While rare in the United States and Europe, it is more common in the Middle East and Asia.^[2] In Turkey, for example, about 2 per 1,000 are affected.^[2] Onset is usually in a person's twenties or forties.^[1]^[2] The disease was initially described by Turkish dermatologist Hulusi Behçet in 1937.^[3]

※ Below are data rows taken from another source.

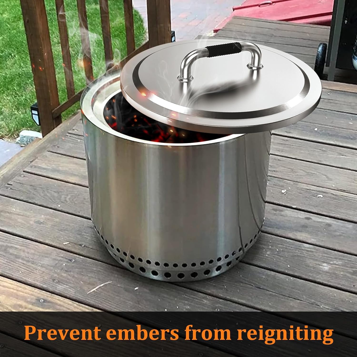 Fits for Solo Stove Ranger 1.0 and Ranger 2.0 Smokeless Fire Pit Deflects the heat sideways so everyone around the fire gets warm Prevents embers from coming out Excellent thermal conductivity Controls the height of the flame Transfers the heat loss from the vertical to a surprisingly large horizontal area Includes 6 x Fan-shaped Deflector Plates, 3 x Support Legs, A pair of Handles, 1 x Central Bottom Plate, Screw Kit, and 1 x Instruction Manual Made of thicker and durable 304 Stainless Steel, not easy to be rust, deformed, or break, serving for the long term 15.6″ heat deflector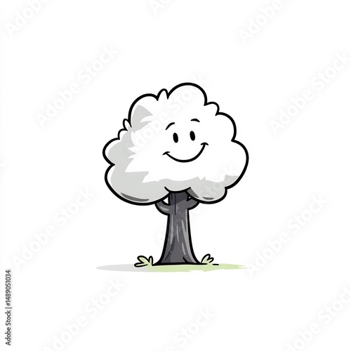 © Kavita, Obraz premium happy tree cartoon with smiling face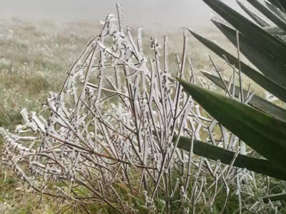 Sáng 8/1, đỉnh núi Mẫu Sơn (Lạng Sơn) xuất hiện băng giá với nhiệt độ âm 1,4 độ C.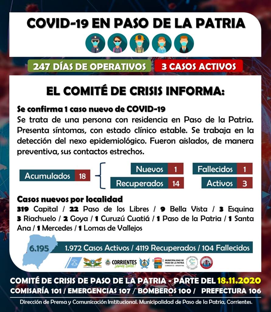 El Comité de Crisis de Paso de la Patria informa a la comunidad que en el día de la fecha se registra un nuevo caso positivo de COVID-19 en la villa turística. Se estudia el nexo epidemiológico y se aisló a los contactos estrechos.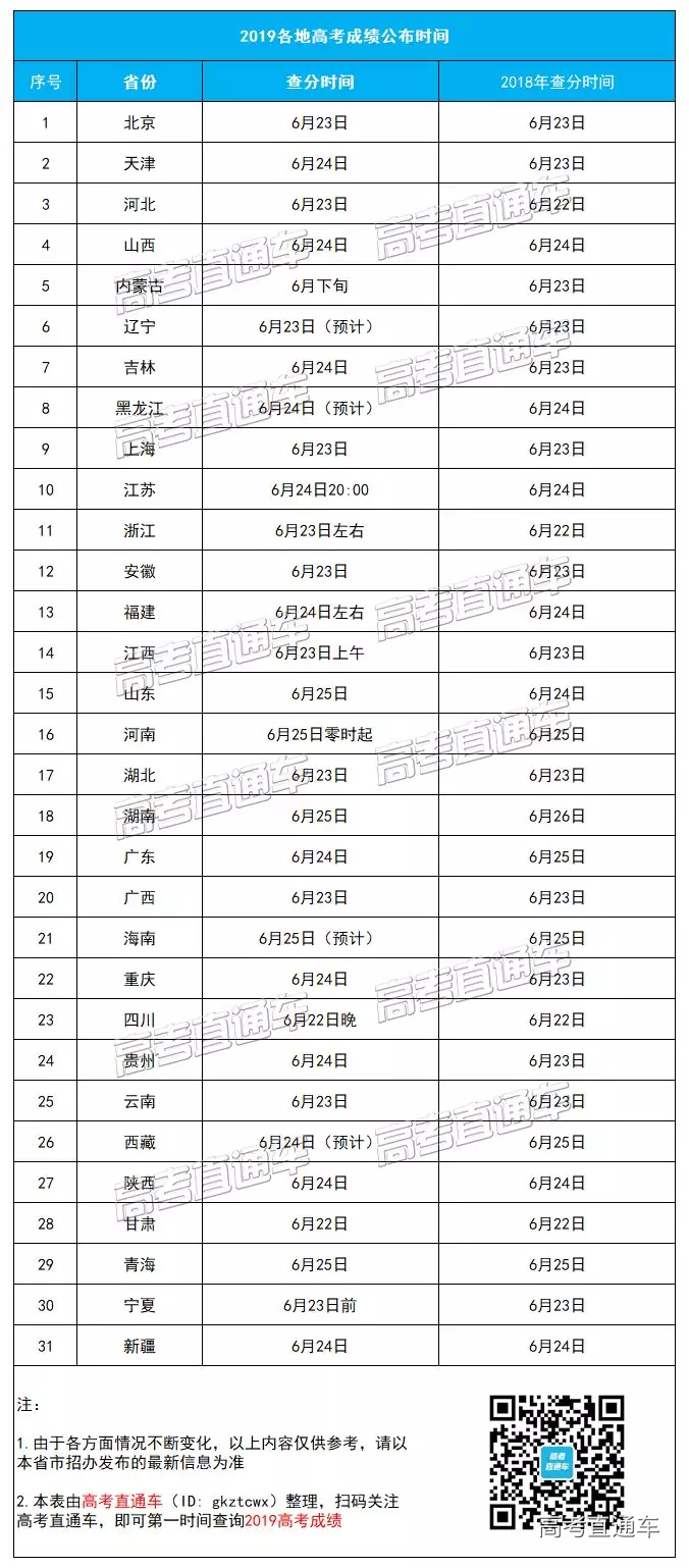 小车整理了各地最新高考查成绩时间表,快看看你什么时候可以查分!

^ ^a ^b ^c ^d ^e ^f ^g ^h ⁱ ^j ^k ^l ^m ⁿ ^o Fleming, Ray (November 2014). "Fast Facts About Behçet's Disease". www.niams.nih.gov. Archived from the original on 13 May 2017. Retrieved 29 May 2017.
^ ^a ^b ^c ^d ^e ^f ^g ^h ⁱ ^j ^k ^l ^m ⁿ ^o "Behçet's Syndrome". NORD (National Organization for Rare Disorders). 2015. Archived from the original on 11 February 2017. Retrieved 29 May 2017.
^ Ball, Gene V.; Fessler, Barri J.; Bridges, S. Louis Jr. (2014). Oxford Textbook of Vasculitis (3 ed.). OUP Oxford. p. 491. ISBN 9780191667022. Archived from the original on 10 September 2017.

[NIH2014-1] ^ ^a ^b ^c ^d ^e ^f ^g ^h ⁱ ^j ^k ^l ^m ⁿ ^o Fleming, Ray (November 2014). "Fast Facts About Behçet's Disease". www.niams.nih.gov. Archived from the original on 13 May 2017. Retrieved 29 May 2017.

[NORD2015-2] ^ ^a ^b ^c ^d ^e ^f ^g ^h ⁱ ^j ^k ^l ^m ⁿ ^o "Behçet's Syndrome". NORD (National Organization for Rare Disorders). 2015. Archived from the original on 11 February 2017. Retrieved 29 May 2017.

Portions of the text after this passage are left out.